CRA indicates that it will always ask for a safe income estimate when reviewing a proposed spin-off transaction
2020-0861031C6 indicated that, in a spin-off by a “distributing corporation” (DC) to the “transferee corporation” (TC), CRA will monitor whether there has been an appropriate reduction in the adjusted cost base (ACB) of the shares of DC. Leaving aside safe income matters, CRA considers there to be a misalignment if the aggregate ACB of DC shares held by the taxpayer before the spin-off exceeds the aggregate ACB of the remaining DC shares held by the taxpayer after the spin-off, plus the ACB of the spin property (on the assumption that TC is wound up, resulting in the taxpayer directly holding the spin property).

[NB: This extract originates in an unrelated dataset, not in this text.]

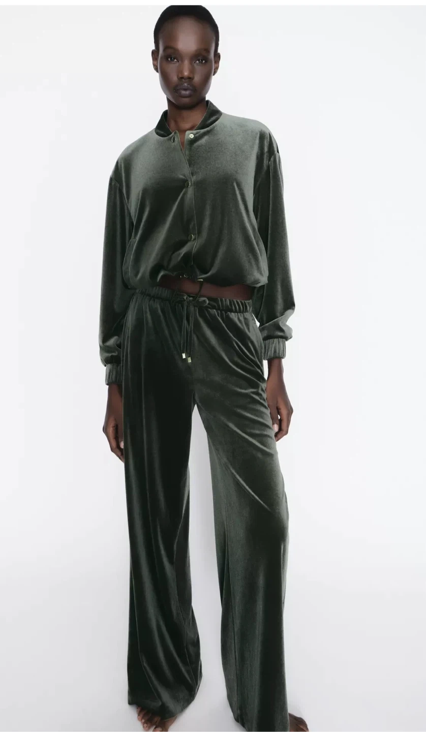 Selling a Zara velvet effect jogging set. It's a beautiful dark green colour Perfect for lounging or a casual day out!

However, CRA indicated that the additional ACB that may be created by the capitalization of safe income (so as to become ACB) must be taken into account. It would appear that, to be compliant, the ACB of the DC preferred shares (which will be cross-redeemed and cancelled under the spin-off), plus the direct safe income (DSI) and indirect safe income (ISI) transferred (i.e., in the case of ISI, through the transfer of shares) to TC, should at least equal the ACB of the spin property (including, where the spin property is shares, safe income that can be capitalized).

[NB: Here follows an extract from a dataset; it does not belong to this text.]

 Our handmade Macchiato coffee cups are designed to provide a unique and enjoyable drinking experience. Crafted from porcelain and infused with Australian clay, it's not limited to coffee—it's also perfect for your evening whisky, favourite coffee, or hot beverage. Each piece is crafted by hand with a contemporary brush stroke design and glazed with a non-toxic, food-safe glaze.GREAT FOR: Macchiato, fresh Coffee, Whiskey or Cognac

The conventional spin-off mechanics involve the creation of cross-shareholdings and a cross-redemption, resulting in the aggregate ACB of the DC shares held by the taxpayer after the spin-off equaling the aggregate ACB of the DC shares held by it before the spin-off minus the ACB of the DC preferred shares created (e.g., under a s. 51 or 86 reorg) and then cancelled under the reorganization.
A more recent interpretation (2021-0889611E5) included an example of a less conventional spin-off transaction entailing a spin-off (through a succession of steps) by Opco (a “child” of Holdco 2 and a “grandchild” of Holdco 1) of one of its properties to Holdco 1. Included is a numerically detailed account (although somewhat cryptic in places) of the computation of the transferred DSI and ISI and of what the normative reduction in the ACB of the shareholdings should be. Analogously to a conventional spin-off transaction, the steps entailed a reduction in the ACB of the Opco shares held by Holdco 2, and in the ACB of the Holdco 2 shares held by Holdco 1, in an amount equaling the cost amount of the spun property.
CRA further indicated that there potentially could be a misalignment - even where ACB equal to that of the spun property is eliminated under the spin-off steps (as occurred here) - if the spun assets had disproportionately high safe income. (On the numbers, that did not occur in this particular example.) Accordingly, “an estimate of such safe income is always necessary to fully assess the situation being ruled upon” regarding a proposed spin-off transaction.
Neal Armstrong. Summaries of 28 May 2021 External T.I. 2021-0889611E5 and of Joan E. Jung, “Changing the Analysis for a Typical Spinout,” Tax for the Owner-Manager, Vol. 22, No. 1, January 2022, p. 2 under s. 55(2.1)(c).